:: Recorded data ::

-.-.-

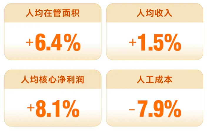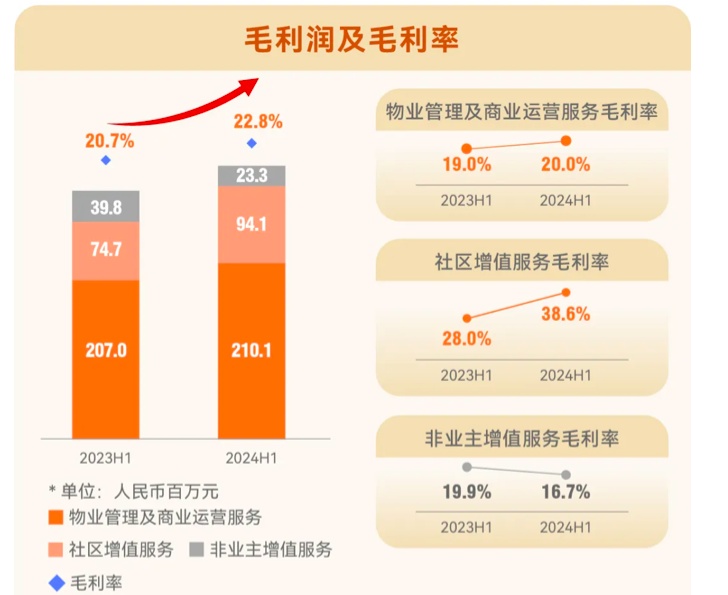 收入结构方面,物业管理及商业运营服务实现收入10.53亿元,占总收入比例73%,稳健压舱。具有周期行业务特征的非业主增值服务收入规模为1.40亿元,收入占比下降至10%。社区增值服务实现收入2.44亿元,占比总收入的17%。与此同时,该业务的毛利率从去年同期的28%提升至38.6%,提质效果明显。
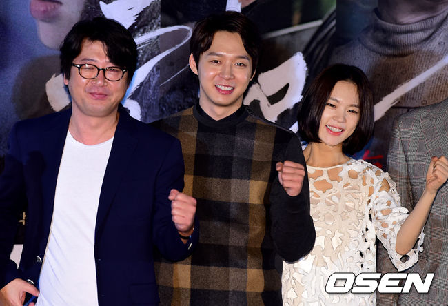 김윤석, 박유천, 한예리가 포토타임을 하고 있다.
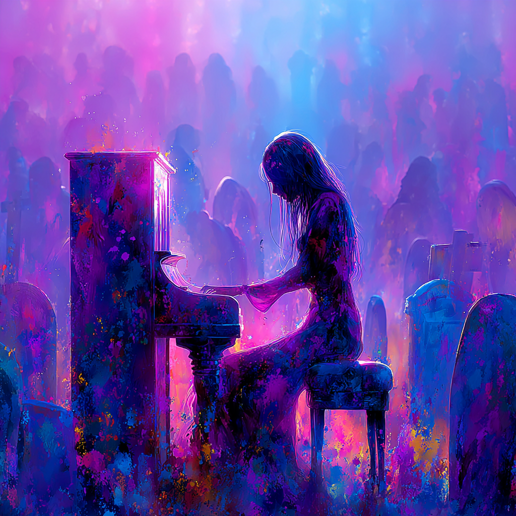 Opening with haunting fingerpicked acoustic guitar, soft strings, and subtle atmospheric pads, the traditional folk foundation is fused with trap hi-hats and deep sub-bass, Verses layer plaintive vocals atop sparse folk textures, then chorus swells with alternative rock drums, reverb-soaked electric guitar, and pop urbaine synths, Bridge adds filtered beats, echoing vocal chops, and mournful melodies before fading to intimate folk lines and gentle electronic pulses
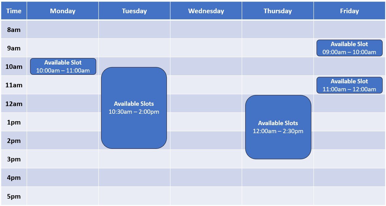 Current Available Weekly Slots.
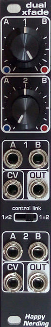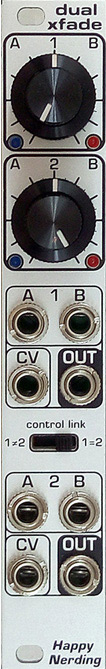 dual xfade is a compact voltage controlled crossfader suitable for both audio and cvs. smaller knobs set manual crossfade between a<>b, and bigger knobs are cv attenuverters. leds show the adjusted positive
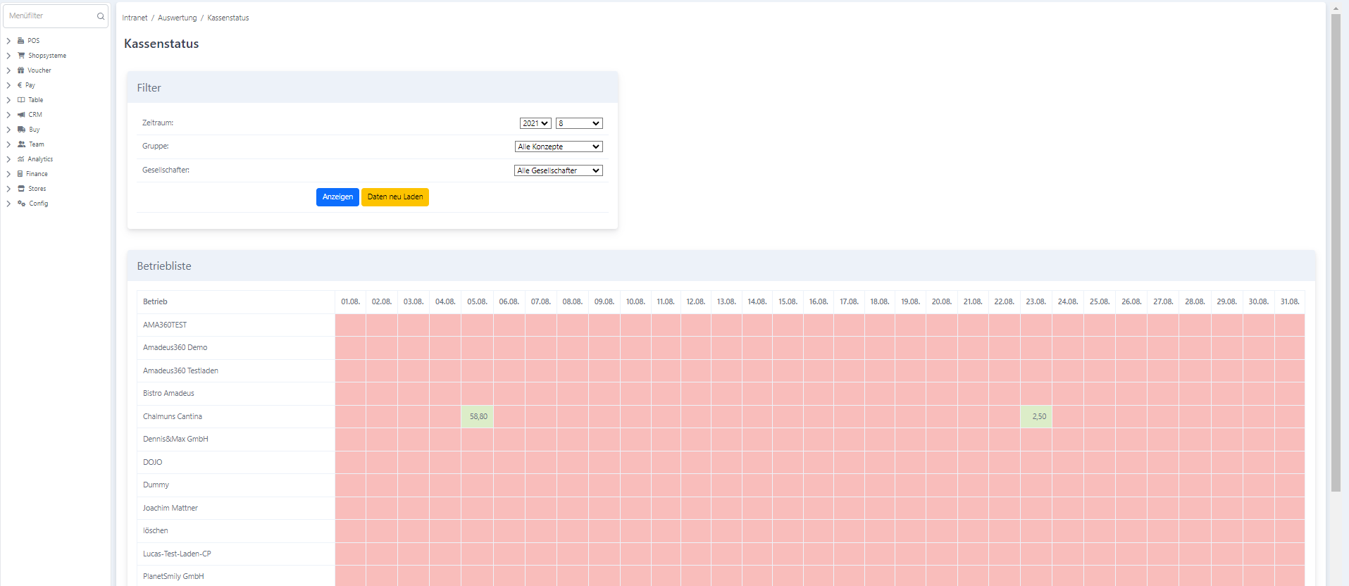 Bei Gesellschafter bestimmst du, ob nur die Stores eines bestimmten Gesellschafters angezeigt und die Kassendaten neu geladen werden.

-.-.-

:: WHAT NEEDS TO BE DONE ::
Which lines run from the one containing "dual xfade is" through the last line of the entries above? Output them exactly, both ends included, with no pictures.

:: REPLY TO THE TASK ::
 dual xfade is a compact voltage controlled crossfader suitable for both audio and cvs. smaller knobs set manual crossfade between a<>b, and bigger knobs are cv attenuverters. leds show the adjusted positive
 Bei Gesellschafter bestimmst du, ob nur die Stores eines bestimmten Gesellschafters angezeigt und die Kassendaten neu geladen werden.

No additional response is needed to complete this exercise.